Return exactly the lines from the start of the records below through the line containing "Sun&Beam Nails ネイルチップ", both ends included, and leave out the pictures.

==== RECORDS FOR PROCESSING ====

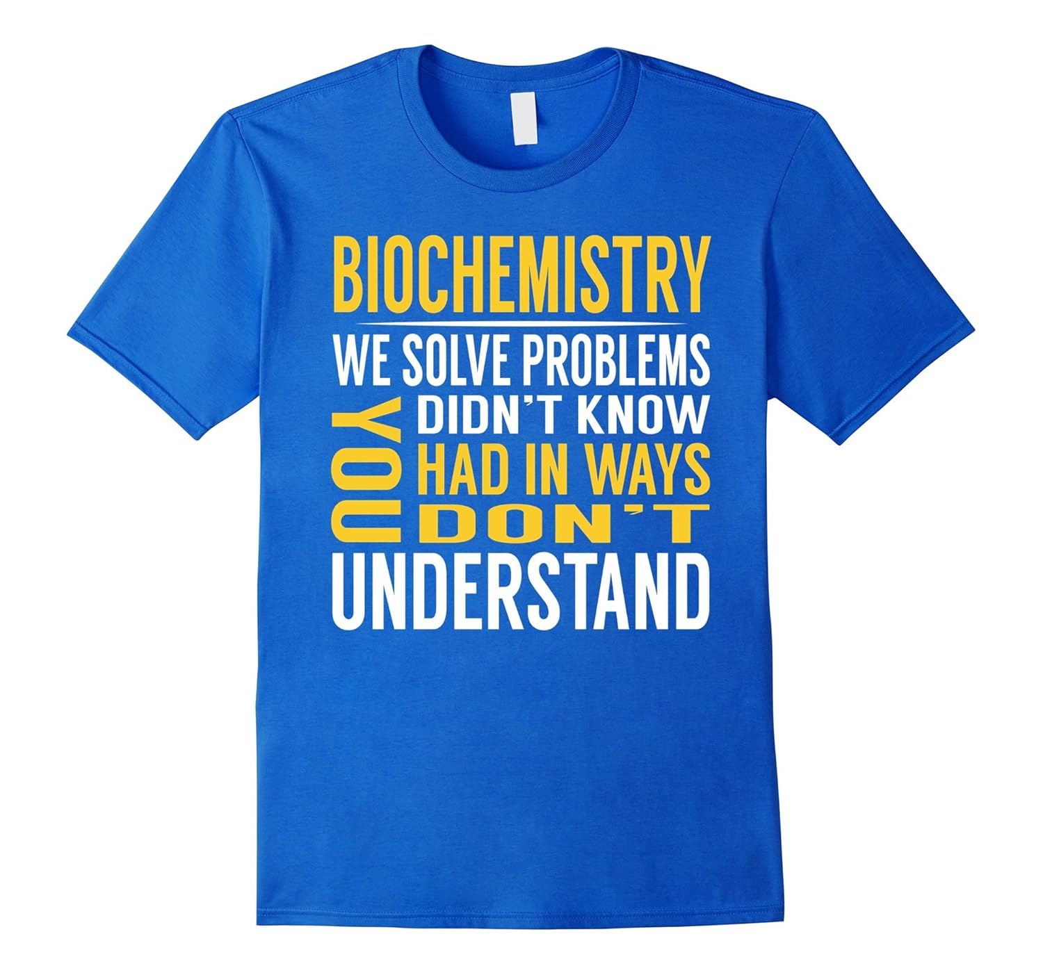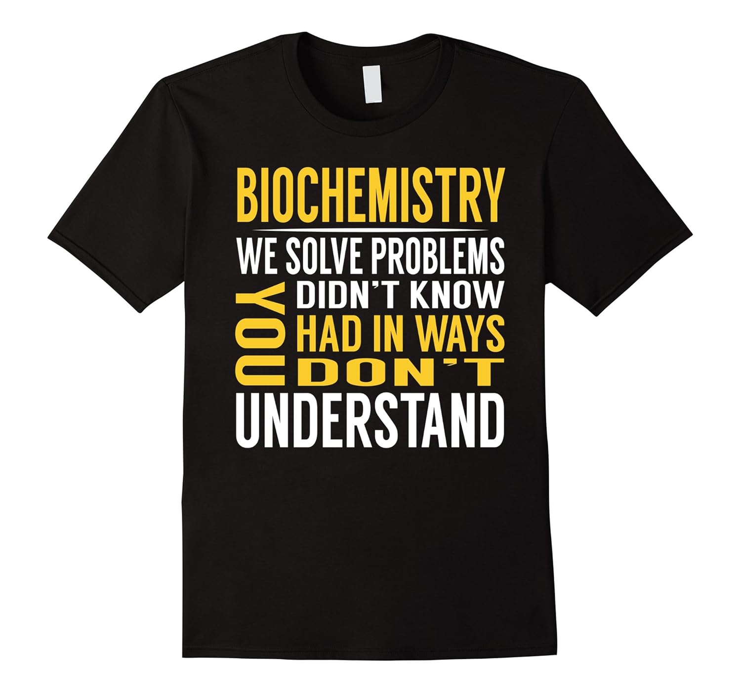 Solid colors: 100% Cotton; Heather Grey: 90% Cotton, 10% Polyester; All Other Heathers: 65% Cotton, 35% Polyester, Imported, Machine wash cold with like colors, dry low heat, Biochemistry funny apparel novelty accessories costume outfits farbic dress shirt tshirt gifts funny ideas for women men, Biochemistry We Solve Problems You Didn”t Know You Had In Ways You Don”t Understand TShirt, Great gift shirt tshirt for Biochemistry, Lightweight, Classic fit, Double-needle sleeve and bottom hem
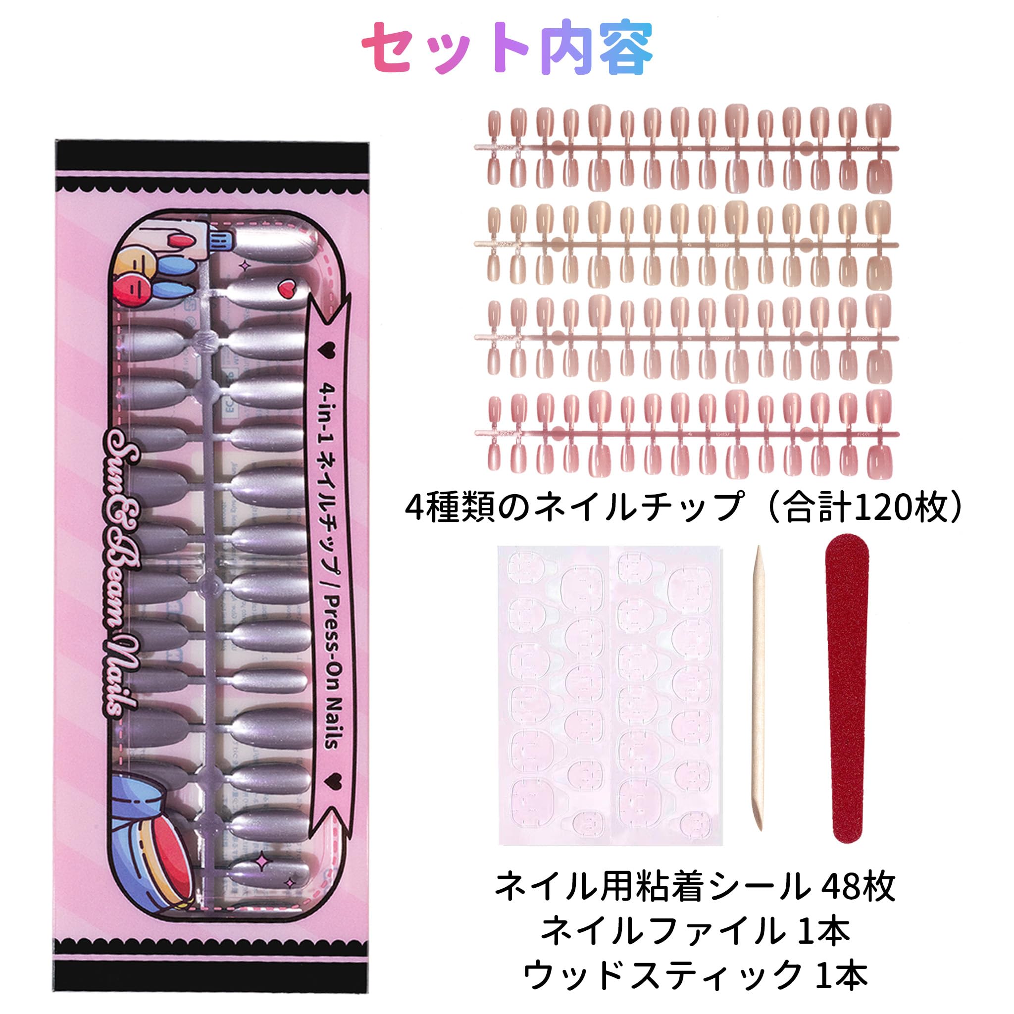 Sun&Beam Nails ネイルチップ 手作り風 4-in-1 120枚入り ショート バレリーナ 単色 マグネット つけ爪 付け爪 (M301)
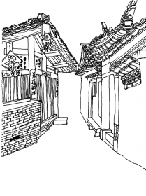 写生是一个阅读风景的过程,是向自然学习,发现自然存在之美的过程。在山水画写生教学中,古村落是难以绕开的写生对象之一。在过程中,如何处理画面景物的主次、大小、虚实、疏密、简繁等关系呢? 步骤一 从屋檐开始画起,先绘制出左侧主体建筑的结构框架,画的时候注意窗台和门的转折关系。 步骤二 画出门、窗、窗台,以及墙面各部分的纹理。木纹和墙砖切勿平均铺设,且要拉开疏密对比。然后,绘制出右侧建筑主体结构,画的时候要注意屋顶、飞檐、门洞及石椅的透视关系。 步骤三 按照透视关系勾画出墙砖,每一块墙砖大小要避免平均,变化尽量丰富。接下来,完成石板路面的绘制,按照近大远小的透视关系铺设出石板的蜿蜒形态,越远越密越小。 步骤四 以相对简约的用笔补画出远景建筑,并以远密近疏的方式铺填路面石块,画的时候力争石块形态的多样性。最后,添画一抹远山,写生完成。(指导老师/聂彦锋 中国青年美术家协会理事、山东理工大学美术学院副教授) 编辑插嘴 都说百闻不如一见,百见不如一次亲身体验。相比纸上教学,名师现场传授无疑有着难以替代的优势。为更好地服务老年习画者,本报将不定期邀请国画名师推出“边游边学”项目,通过寓教于乐、玩学结合的方式,让大家收获别样的写生体验。如您对这方面有意向,欢迎和本版编辑(18673167043 彭编辑)联系。
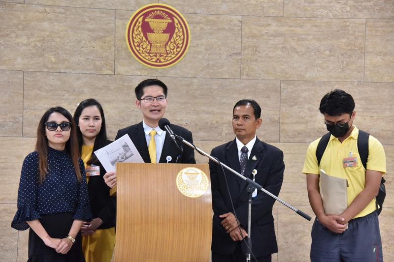เกียกกาย นายมงคลกิตติ์ สุขสินธารานนท์ หัวหน้าพรรคไทยศรีวิไลย์ รับหนังสือจากกลุ่มผู้สอบ
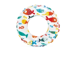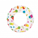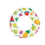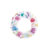 Ovaj dječji napuhujući prsten savršen je izbor za prve vodene radosti. Lagana konstrukcija i izdržljiv PVC materijal osiguravaju stabilnost i udobnost pri plivanju i igri u vodi. Vesele ilustracije ribica, morskih stvorenja, sladoleda i voća razveselit će svako dijete i uljepšati ljetne dane.

====

[RESPONSE TO THIS EXERCISE]:
 Solid colors: 100% Cotton; Heather Grey: 90% Cotton, 10% Polyester; All Other Heathers: 65% Cotton, 35% Polyester, Imported, Machine wash cold with like colors, dry low heat, Biochemistry funny apparel novelty accessories costume outfits farbic dress shirt tshirt gifts funny ideas for women men, Biochemistry We Solve Problems You Didn”t Know You Had In Ways You Don”t Understand TShirt, Great gift shirt tshirt for Biochemistry, Lightweight, Classic fit, Double-needle sleeve and bottom hem
 Sun&Beam Nails ネイルチップ 手作り風 4-in-1 120枚入り ショート バレリーナ 単色 マグネット つけ爪 付け爪 (M301)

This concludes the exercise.